On October 8, 2021, we paused the `chng` pipeline, and it remained inactive
while we completed a fix. In the meantime, the versions with
the deletion markings were removed, so that default (latest) queries and
queries with as-of set to 2021-10-04 or later submitted during the inactive
period returned the next-most-recently-updated value for these dates.
On December 2, we resumed the `chng` pipeline. We will soon be reconstructing
the missed issues from October 7-December 1, and will update here once that
process is complete.
## Qualifying Conditions
We receive data on the following six categories of counts:
- Denominator: Daily count of all unique outpatient visits.
- Covid: Daily count of all unique visits with primary ICD-10 code in any of:
{U07.1, B97.21, or B97.29}.
- COVID-like: Daily count of all unique outpatient visits with primary ICD-10 code
of any of: {U07.1, U07.2, B97.29, J12.81, Z03.818, B34.2, J12.89}.

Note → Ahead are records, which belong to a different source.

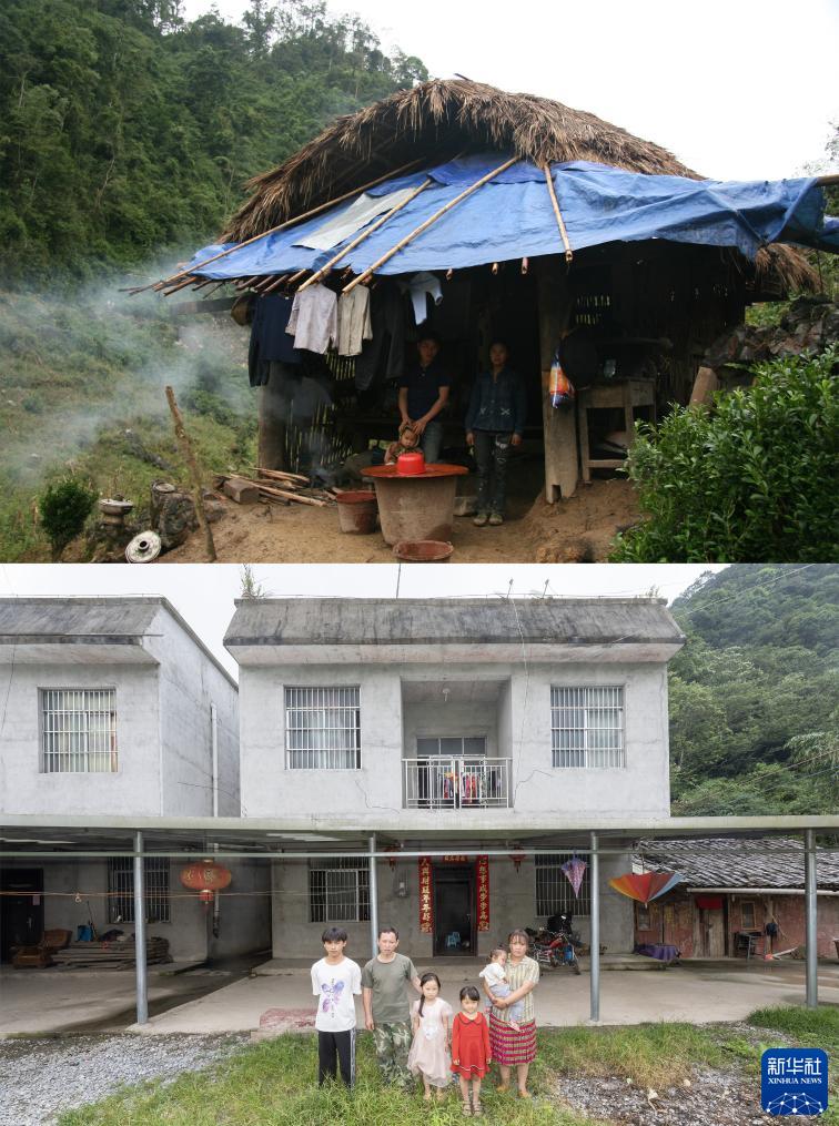 這是一張拼版照片:上圖為2008年11月14日,陶文學(前左)和父母一起站在茅草屋前合影(新華社記者張愛林攝);下圖為2023年7月30日,陶文學(左一)和父親陶建明(左二)以及繼母和三個妹妹在新居前合影(新華社記者費茂華攝)。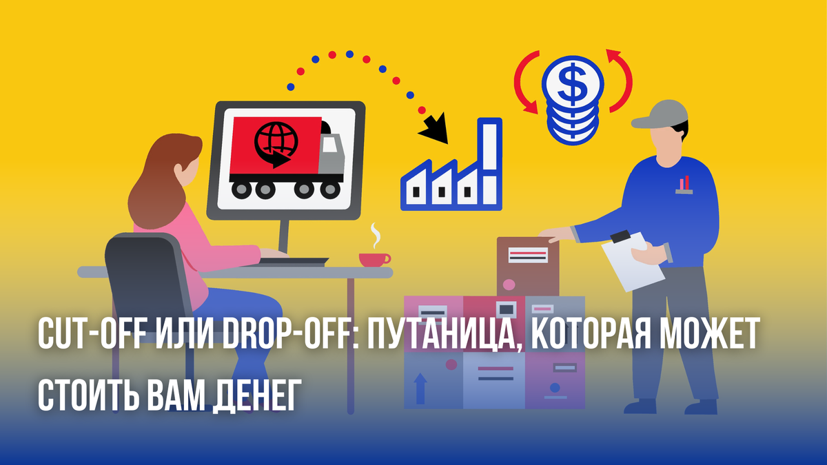 Это сдача пустого контейнера в сток/терминал после выгрузки груза. Суть процесса: Это физическое действие — вы привезли груз или посылку в определенное место и оставили его там. Простая аналогия: Представьте, что вы везете ребенка в школу. Вы подъезжаете к воротам, он выходит из машины — вы совершили drop-off. Дальше — забота учителей. Где встречается: Ключевая черта: Drop-off — это обычно конечная точка вашей ответственности за физическое перемещение груза. Cut-Off: не опоздай на последний поезд Перевод: «отсечка», «крайний срок». - про отсечку не надо Суть процесса: это не действие, а момент во времени. Жесткий дедлайн, после которого двери «закрываю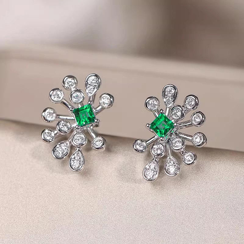 White Gold Diamond Earrings Princess Cut Emerald Center Luxury Women's Party Jewelry D Color Natural Diamonds
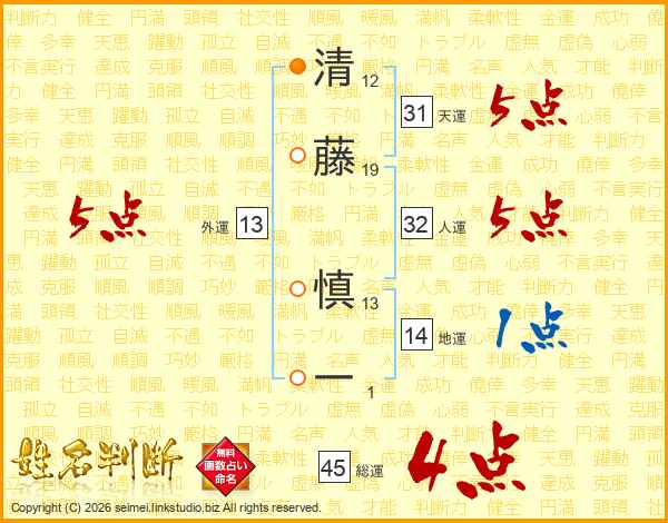 清藤慎一さんの総運は45画の4点!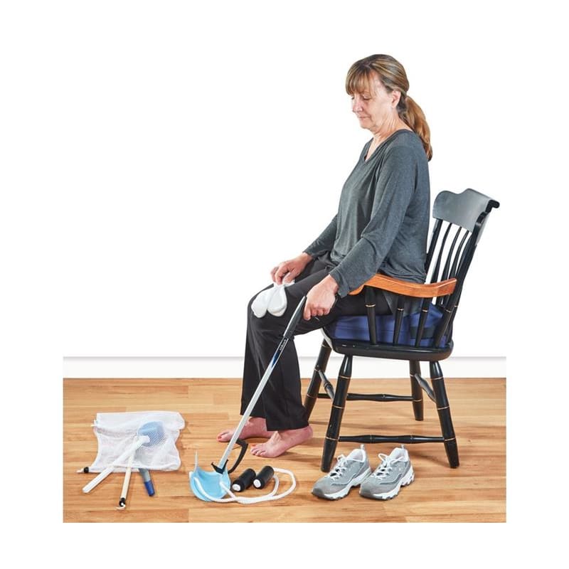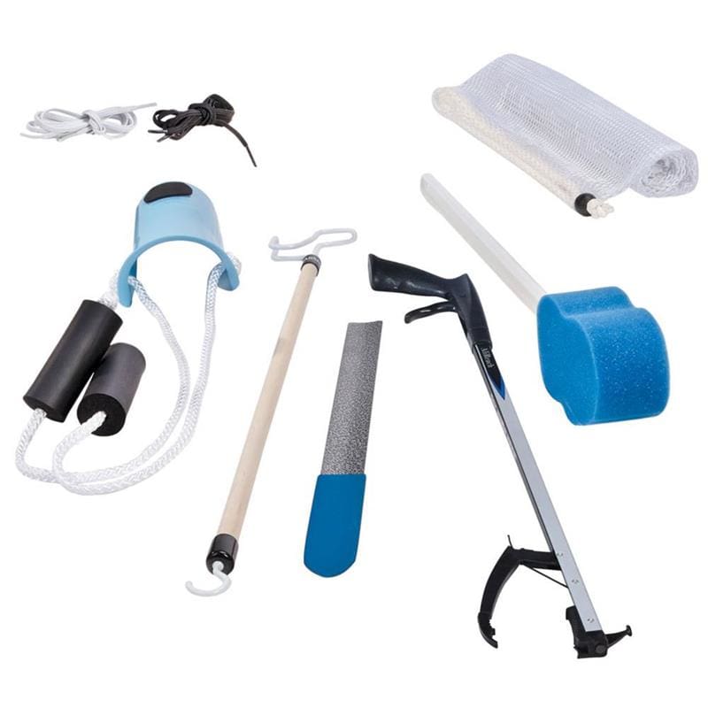 AliMed ADL Deluxe Hip Kits. These kits help the user dress independently while maintaining appropriate precautions. Each kit comes with a mesh bag to hold equipment and can be hung up in one convenient place. Size 1: For users 5'7" and under. Includes 18" Shoehorn, 26" AliReach Standard Reacher, Standard Sock-Aid, Dressing Stick, 2 pair of black elastic shoelaces, two pair of white elastic shoelaces, hourglass-shaped, long-handled sponge and a washable, reusable mesh bag.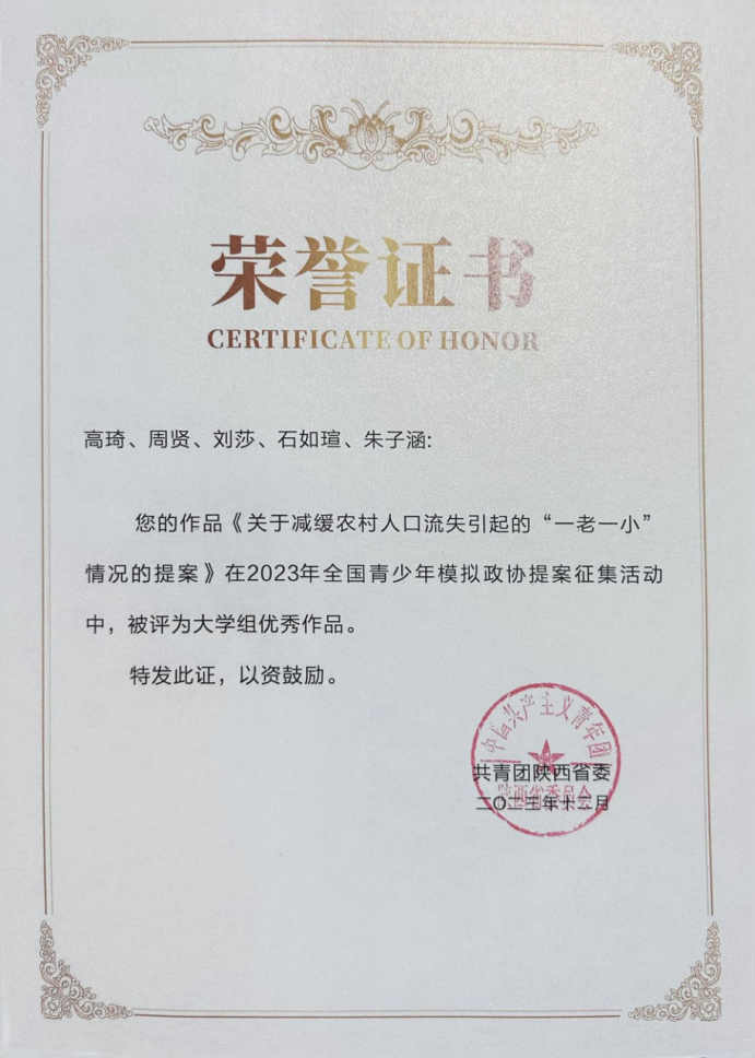 近日,由共青团陕西省委主办的2023年全省青少年模拟政协提案征集活动评审结果出炉,由澳门娱乐城 卢泓旭、吴德林老师指导,高琦、周贤等同学完成的提案《关于减缓农村人口流失引起的“一老一小”情况的提案》获得大学组优秀作品奖。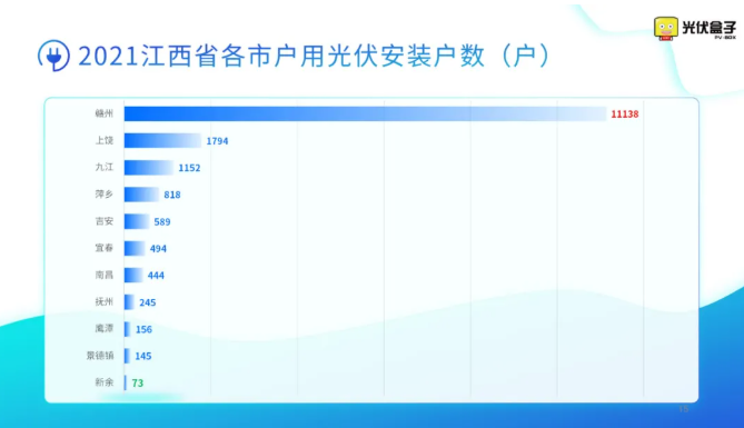 赣州作为江西万家屋顶政策推广力度较大的市之一,户用光伏发展有良好的基础,2021年户用光伏安装户数有11138户,领先其他地区。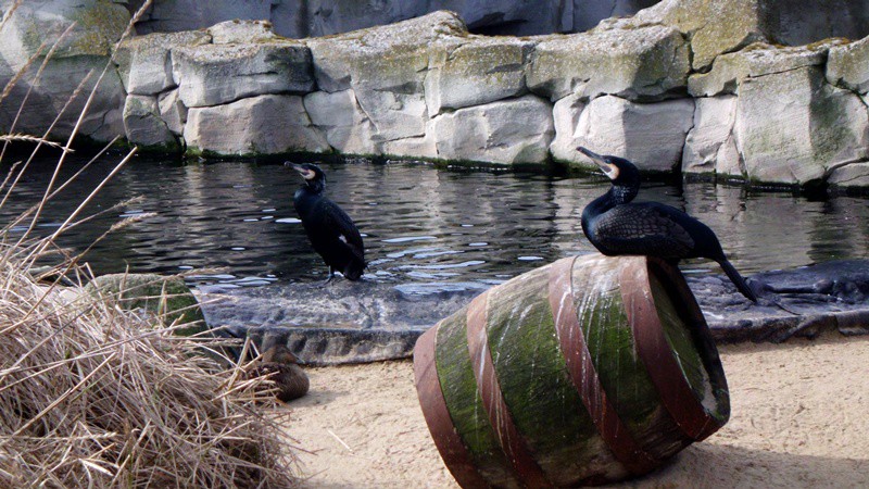 Diese beiden Kormorane schauen den sportlichen Vögeln gern mit Begeisterung zu...
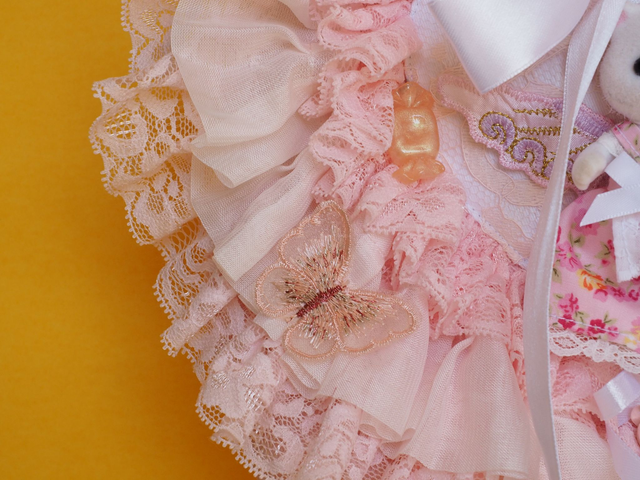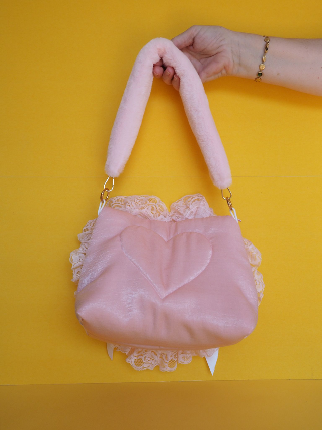 This one-of-a-kind hand-quilted satin purse is a true masterpiece. All our works are 100% handmade and fully original. This purse features exquisite appliquéd lace, adorable charms, bows, glass gems, and even an up-cycled Sylvanian Family doll toy. It also comes with a fluffy lilac handle to add that extra touch of glamour. With dimensions of 18cm in height, 23cm in the widest part, and 11.5cm in depth, it’s the perfect size to hold all your essentials. The handle measures 53cm total, allowing for comfortable carrying. Get ready to turn heads with this stunning piece.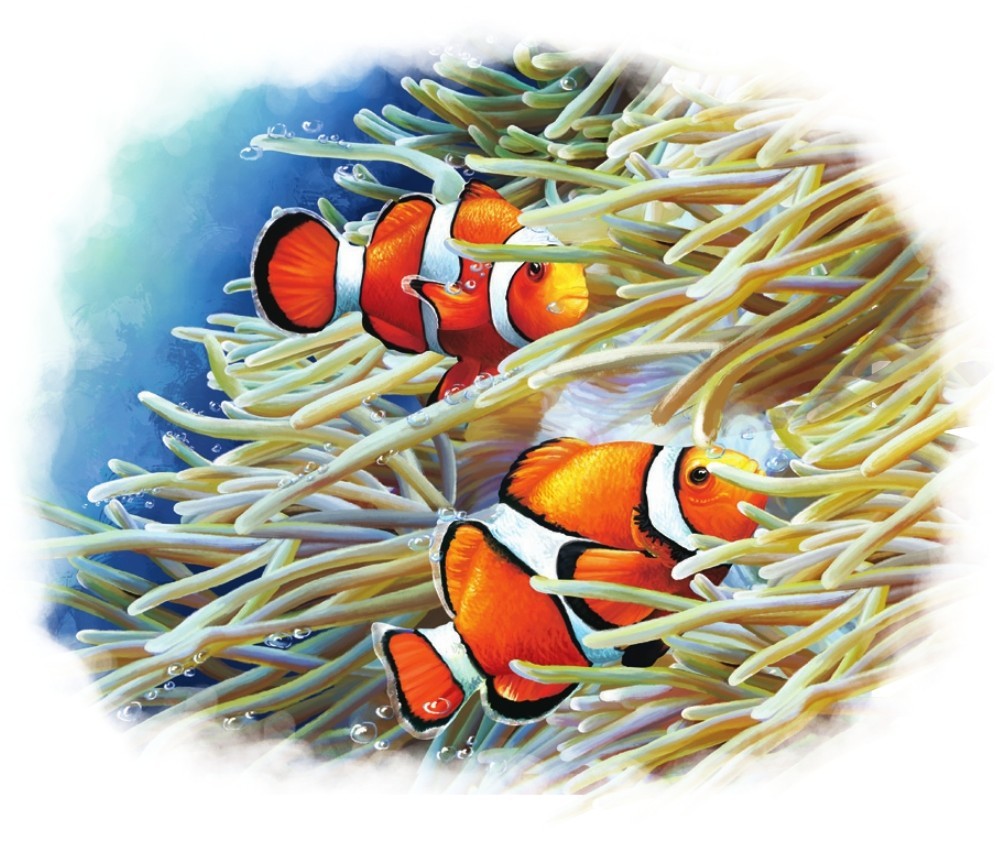 小丑鱼是一种体色艳丽的小型鱼类,经常出没于海葵丛中。小丑鱼把卵产在海葵丛中。在卵孵化之前,小丑鱼一直守护在卵的周围,并不断地扇动胸鳍,以增加水流中的含氧量,有助于卵的孵化。

- Flu-like: Daily count of all unique outpatient visits with primary ICD-10 code
of any of: {J22, B34.9}. The occurrence of these codes in an area is
correlated with that area's historical influenza activity, but are
diagnostic codes not specific to influenza and can appear in COVID-19 cases.
- Mixed: Daily count of all unique outpatient visits with primary ICD-10 code of
any of: {Z20.828, J12.9}. The occurance of these codes in an area is
correlated to a blend of that area's COVID-19 confirmed case counts and
influenza behavior, and are not diagnostic codes specific to either disease.
- Flu: Daily count of all unique outpatient visits with primary ICD-10 code of
any of: {J09\*, J10\*, J11\*}. The asterisk `*` indicates inclusion of all
subcodes. This set of codes are assigned to influenza viruses.
For the COVID signal, we consider only the *Denominator* and *Covid* counts.
For the CLI signal, if a patient has multiple visits on the same date (and hence
multiple primary ICD-10 codes), then we will only count one of and in descending
order: *Flu*, *COVID-like*, *Flu-like*, *Mixed*. This ordering tries to account for
the most definitive confirmation, e.g. the codes assigned to *Flu* are only used
for confirmed influenza cases, which are unrelated to the COVID-19 coronavirus.